Once you get a graduated neutral density filter you will see that it is pretty straight forward. Screw it onto your lens and rotate it until the darker area is where you’d like it.  For the photo at the top I was able to set my exposure so that my foreground was fairly clear while the sky stayed a beautiful dark color.  Sunsets aren’t the only place you can use this type of filter and graduated filters aren’t the only version of a neutral density filter.
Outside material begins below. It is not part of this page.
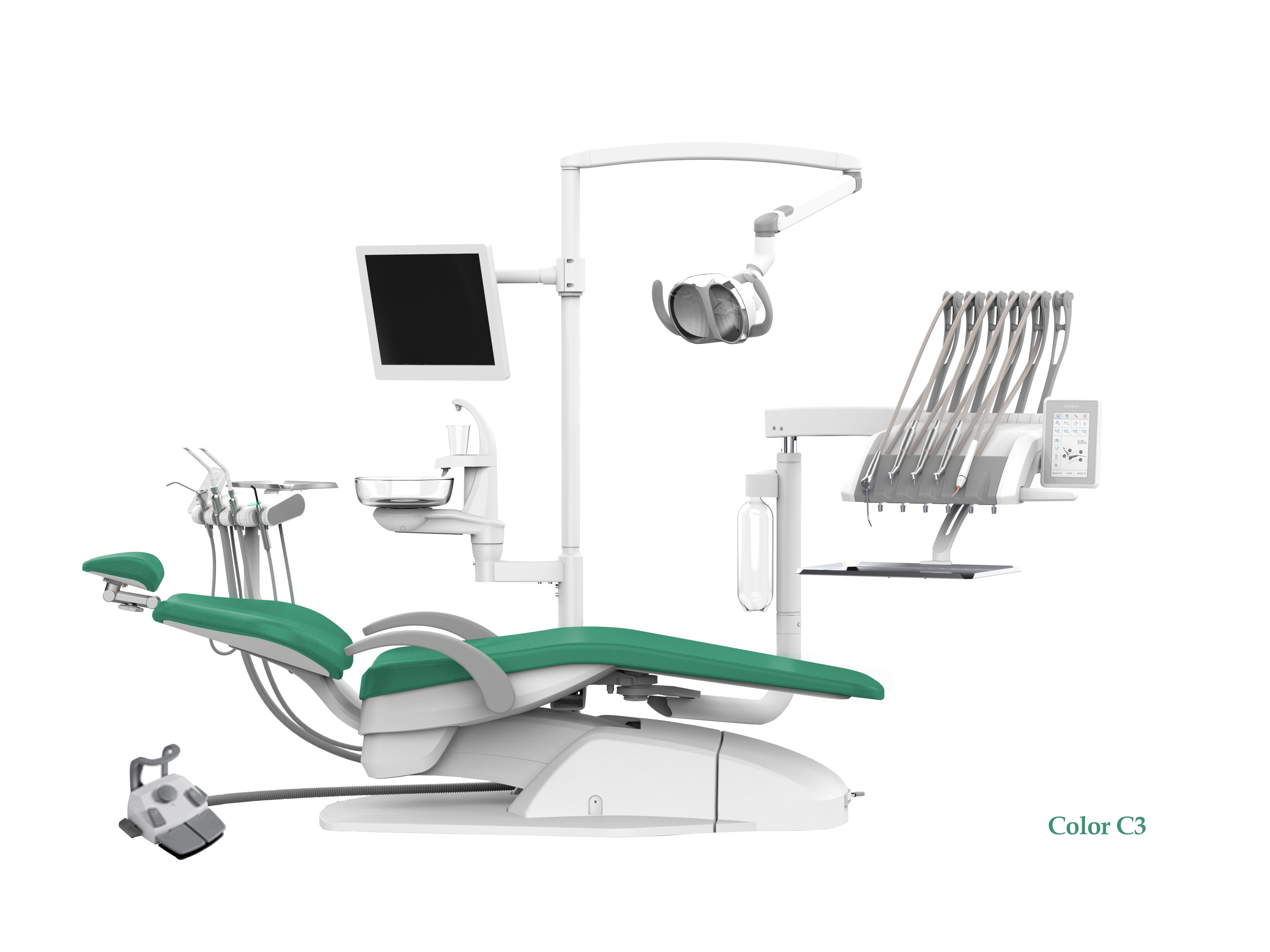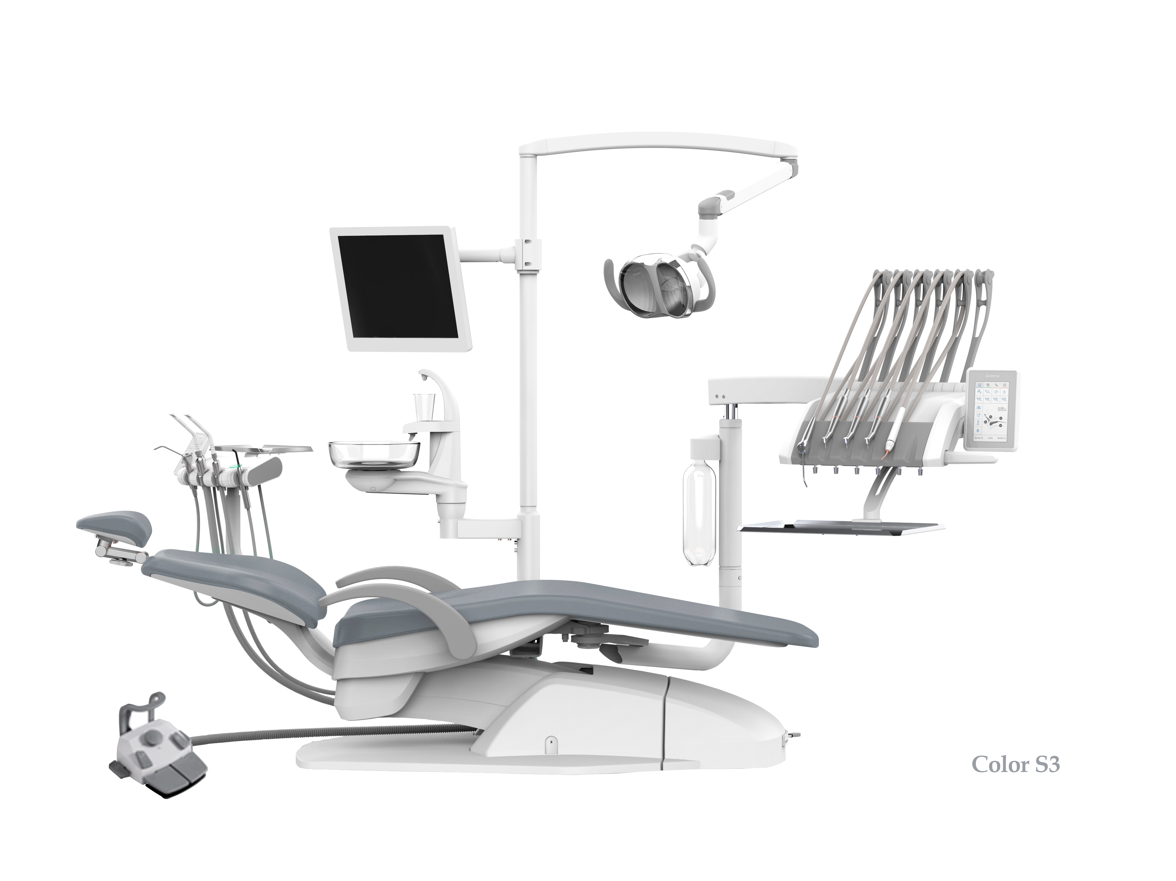 SILVERFOX 8000C-CRS0 Compact – Стоматологическая установка с верхней подачей, без гидроблока и с мягкой обивкой

If you’d like to learn more about the different types of filters available for your camera check out our camera lens filter guideRemember not to skimp on your camera lens filters, the quality of your photo is dependent on the quality of glass you shoot through.  The best available are made by B&W, hit one of the links above to visit the Amazon page and learn more about them, or just click here Captain Lazy: Graduated Neutral Density Filter.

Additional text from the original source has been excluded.